The Shiro, or Nijo castle, half a mile south of the palace, where the Shoguns flaunted their wealth and power, is a splendid relic of feudal days. The broad moat, drawbridge, strong walls, and tower-topped gate-ways and angles date from the middle of the sixteenth century. The great gate-way inside the first wall is a mass of elaborate metal ornament, from the sockets of the corner posts to the ridge-pole, but the many trefoils of the Tokugawas have been everywhere covered by the imperial chrysanthemum. All the rooms, but especially the two splendid audience-chambers, with a broad dais before each tokonoma, are marvels of decorative art, rich in gilded screens, with exquisite paintings and fine metal work, wonderfully carved ramma, and sunken ceiling panels, ornamented with flower circles, crests, and geometric designs. But, alas! a hideous Brussels carpet, a round centre-table, and a ring of straight-backed chairs have crowded their vulgar way into these stately rooms, as into every government building and office, large shop, and tea-house in Kioto.
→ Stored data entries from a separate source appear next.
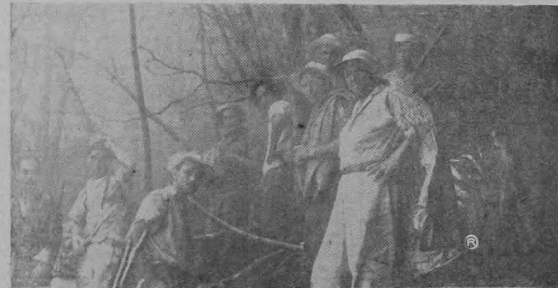
TIEMPO INFERNAL. Los expedicionarios hacen un alto en las labores para descansar unos, tomar café otros y fumarse un cigarrillo los más. La fotografía fue tomada durante uno de los cortísimos lapsos en que la niebla se desvaneció un poco. Los expedicionarios dicen que estuvieron horas y horas sufriendo intensos aguaceros que les calaron hasta los huesos.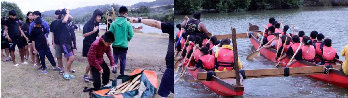
圖：於當地聖河(Taumarere River)划行 Waka 練習船。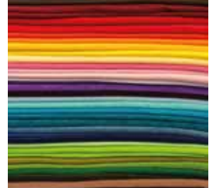
MÁQUINAS PARA TINGIMENTO E BENEFICIAMENTO DE MALHAS E TECIDOS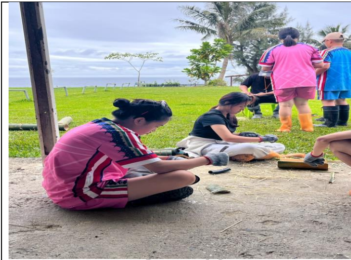
說明：傳統器皿製作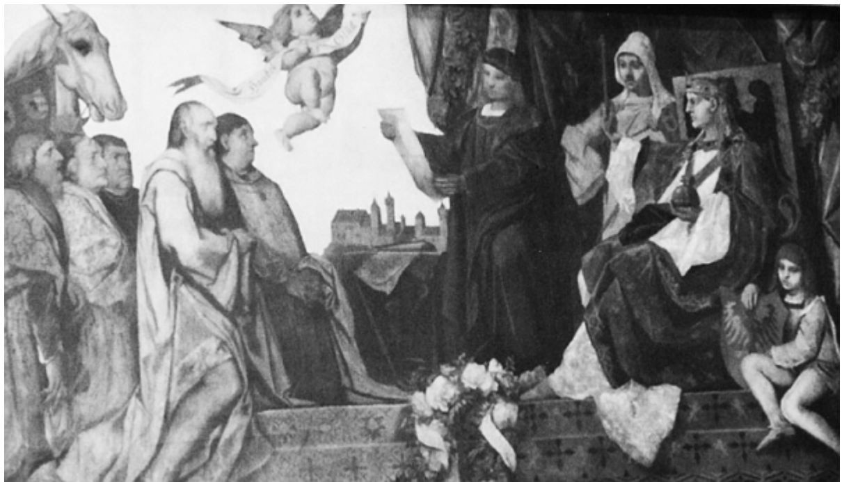
Die Wandbemalung der Industrie- und Handelskammer Nürnberg von Anselm Feuerbach aus dem Jahr 1877. Thema: Verleihung von Handelsprivilegien an die Reichsstadt Nürnberg (linke Hälfte oben, rechte Hälfte unten, dort im Hintergrund die Nürnberger Burg; siehe dazu S. 73)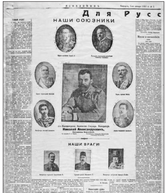
Рис. 12. Наші союзники. Наші вороги (Газета «Киевлянин». 1 січня 1915 р. № 1. С. 4)

Оскільки на законодавчому рівні заборонялося розповсюджувати фотографії, які б стосувались армії та висвітлювали події на фронті, то більшість опублікованих світлин були статичні. В зв'язку з цим, поширеним було розміщення в індивідуальному чи груповому форматі анфасних портретів членів імператорської родини, генералів фронтових армій, військових героїв, очільників союзних держав та ін. Яскравим прикладом подібного контенту є матеріал, опублікований у газеті «Киевлянин» від 1 січня 1915 р. На четвертій сторінці видання було розміщено групову серію фотопортретів тогочасних політичних лідерів держав (Рис. 12). Цікавим є саме спосіб розміщення зображень, які розділені на два блоки, що уособлюють два антагоністичних табори: «наші союзники» (Антанта) та «наші вороги» (Троїстий союз). У першій групі по центру розташований портрет російського імператора Миколи II, а навколо нього: король Англії Георг V, президент Франції Раймон Пуанкаре, король Румунії Нікола I Петрович-Негош, король Сербії Петро I Карагеоргійович, імператор Японії Тайсьо (Йосіхіто) та король Бельгії Альберт I. У таборі «наші вороги» представлені імператор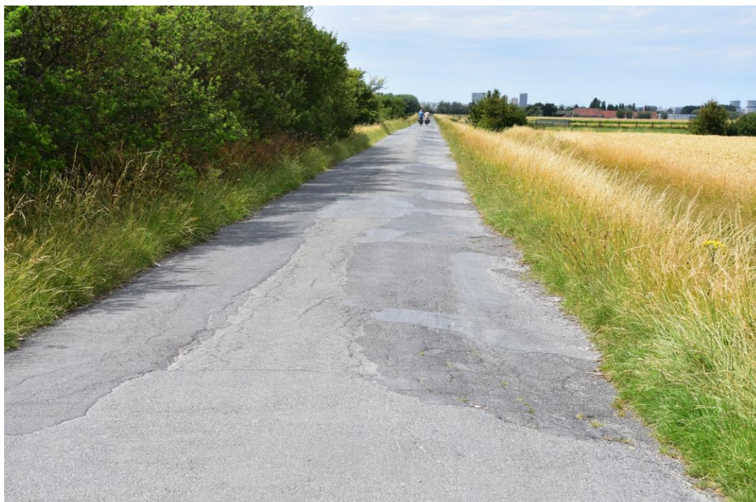
Wegdek bij het kruispunt met de Klemskerkestraat

The Shoguns had the Kinkakuji, the Ginkakuji, and other suburban villas to which they might resort, and in which many of them ended their days as abbots and priests. The Emperors had only the exquisite Shugakuin gardens at the foot of Mount Hiyeizan for their pleasurings, until the Restoration gave all such rebel property to the crown. The Kinkakuji (the gold-covered pavilion) and the Ginkakuji (the silver-covered pavilion) stand at opposite sides of the city, each surrounded with landscape-gardens, from which nearly all Japanese gardens are copied. Both are as old as the Ashikaga Shoguns, and both are now monasteries. The Kinkakuji is the larger, and was even more splendid before it was despoiled of so many rare and historic stones and garden ornaments, but the place is still a paradise. Yoshimitsu, third of the Ashikaga Shoguns, built the Kinkakuji, and thither the great Ashikaga retired to end his life. This refuge figures in the many novels of the time of the Ashikagas, when the War of the Chrysanthemums, the Japanese War of the Roses, raged, and the Emperors with the kugés suffered actual want and privation. The memory of this third Ashikaga is abhorred, because he paid tribute to China and accepted from that country in return the title of “King of Japan;” but he so fostered luxury and art that some of his other sins are forgiven him. The pretty little palace at the lake’s edge, with its golden roof and lacquered walls, has successfully withstood the centuries, and is still intact. In the monastery buildings near the gate-way are shown many wonderful kakemonos and screens, and in one court is a pine-tree trained in the shape of a junk, hull, mast, and sail perfectly reproduced in the feathery, living green needles of the tree. It is most interesting to see how the patient gardeners have bent, interlaced, tied, weighted down, and propped up the limbs and twigs to produce this model, with the slow labor of a century.